Three years after the launch of the Digital Library Initiative (DLI) and as the initial period of funding draws to a close, this workshop was convened to consider the next step in this vein of research. The very broad title of the workshop, "Distributed Knowledge Work Environments," was deliberately chosen to encourage thinking that would transcend current notions of digital libraries. The consensus after the workshop was, however, that the phrase "digital library" did not overly constrain another round of advanced initiatives and that the phrase "distributed knowledge work environments" was unnecessarily broad. It was noted, however, that the concept of a "digital library" is not merely equivalent to a digitized collection with information management tools. It is rather an environment to bring together collections, services, and people in support of the full life cycle of creation, dissemination, use, and preservation of data, information, and knowledge. The challenges and opportunities that motivate an advanced digital library research initiative are associated with this broad view of digital library environment. Additional digital library research will also both exploit and help motivate investments in advanced networking and high-end computation.
The participants included representatives of the initial DLI projects, representatives of the DLI funding agencies (NSF, DARPA, NASA), and representatives of various bodies both public and private involved in similar activities and/or for whom the work in progress offers considerable promise in dealing with the mounting problems of collecting, archiving, processing, and presenting digital data. (For a list of participants, see Appendix A.)
With the spread of the Internet worldwide, and the large-scale adoption of the World Wide Web as an environment for publishing and sharing, our society has stretched its vision of the reality of the anytime, anyplace, any format digital information world. We now more widely realize both the potential and the shortcomings of the Web, and the importance of improving the utility, effectiveness, performance, scalability and sustainability of current and future digital services and collections. Although the Web provides access to millions of sites, it can obscure quality, genre, and source of information.
Previous private and government investments in initiatives on scientific databases, collaboratories, and digital libraries has advanced the state of the art as well as education in these areas. It has helped the United States build upon its earlier lead in electronic publishing and information access technologies, and provided glimpses of how research, learning, government and commercial activities can become more competitive in a world entering the Information Age. Large and important sectors of the United States economy depend upon efficient support of knowledge workers, and large-scale funding of digital library projects in Australia, Japan, Singapore, Korea, United Kingdom, and Europe provide opportunities for joint ventures as well as encouragement for further United States initiatives.
Work on digital libraries aims to help with generating, sharing and using knowledge. It aims to improve practices of communities so they are more effective, efficient, productive and maximize the benefits of collaboration. It seeks to extend the content and utility of digital libraries to aid existing communities and to facilitate the emergence of new communities of discourse, research, and learning. Communities in this case are defined on multiple dimensions: geography, common interests, values, needs, culture, language, goals, etc.
The workshop quickly revealed a strong, widely shared sense of the progress that has been made in understanding the primary digital library issues over the last three years and of the direction that future work might take. This report sets out to map that direction in broad terms, noting first the promise that participants saw in digital library research (section 2).

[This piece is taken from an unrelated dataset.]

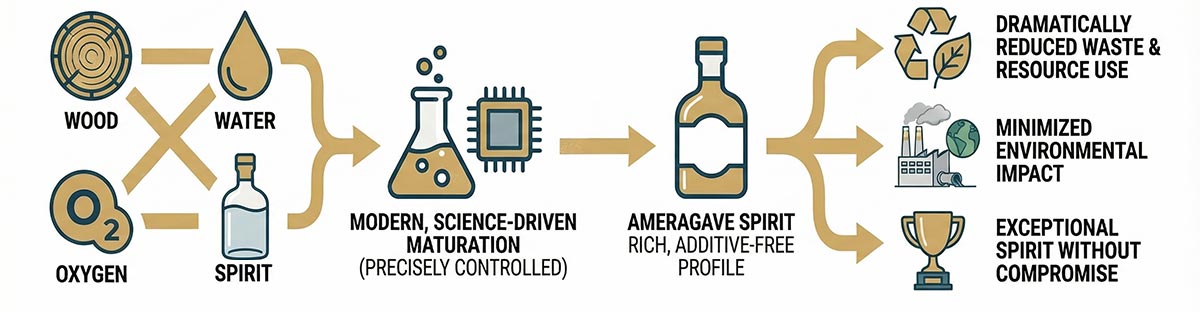 For Gold, the approach unlocked a much larger advantage. By precisely controlling the interactions of wood, water, oxygen, and spirit, Barrel RM replicated the core effects of traditional aging without requiring months or years of passive barrel time. This allowed Ameragave to develop a rich, additive-free, oak-influenced profile while reducing waste, resource use, and environmental impact.
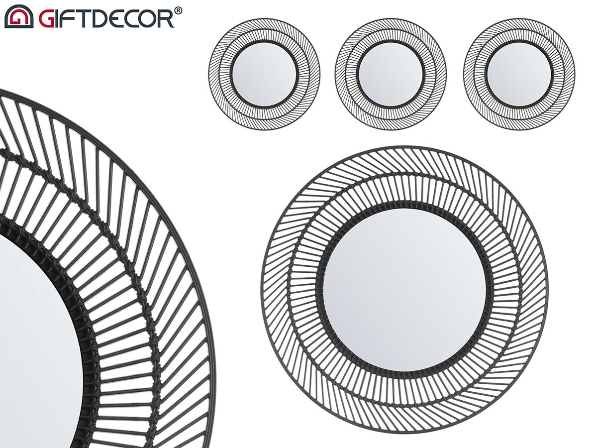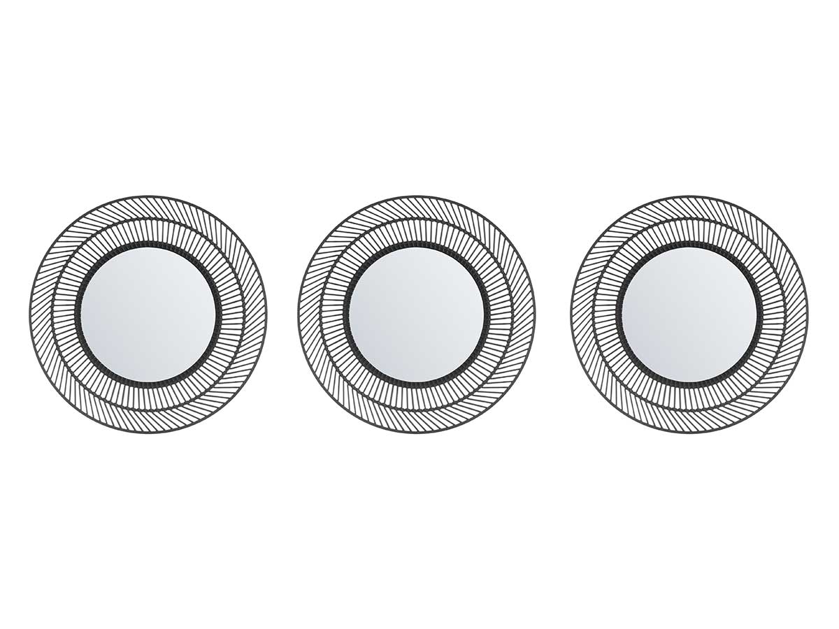Conj 3 espelhos plastico redondo preto

It then goes on to discuss the central issues around which it seemed particularly important to frame future research in order to fulfill this promise (section 3). It presents this framework under the headings "System-Centered Issues," "Collection-Centered Issues," and "User-Centered Issues." (No priority is implied in this order.) It next turns to consider various interested groups with whom it seemed likely that partnerships would prove synergistic (section 4). Some of these are public institutions and some private. The report then reflects the many discussions held about the structure of future research, including questions of size and duration of projects (section 5). Finally, it offers some conclusions drawn at the workshop.
The participants of the workshop represented different interests and came from a range of distinct academic disciplines and sectors of society. At the workshop they divided into four heterogeneous breakout groups that worked together for two days and then reported back in a plenary session. (For the participants in each group, see Appendix B)
Given the diversity of participants, there were, inevitably, diverging views. It would be misleading, then, for this report to suggest that there was simple unanimity. There was not. For example, some favored research in high-end systems with specialized testbeds, others championed a more populace approach; some took a tool-centered view, others were more system- or user-oriented. Few, though, argued that any of these views were mutually exclusive. Indeed, most argued for future initiatives that should embrace them all. The four working groups created basically the same set of research issues and programmatic features but with different emphasis. Thus, at a high level, this report is genuinely a community consensus.
Over all, there was remarkable agreement on both the need for a complementary research program and the general direction it should take. Indeed, when participants in a concluding session were asked what they had heard that had surprised or discomfited them in the reports from groups in which they had not participated, there was little to report.
Dan Atkins of the University of Michigan opened the workshop by laying out the "vision space" created by the convergence of technological and social forces. He with Y.T. Chien and John Cherniavsky of NSF depicted a future of converging platforms, converging institutions, and converging media coupled with diverging possibilities and uses for digital libraries. Part of this future could be understood by extrapolation from present practice and technologies, Atkins argued, but much would require more radical insight, innovation, and transformation.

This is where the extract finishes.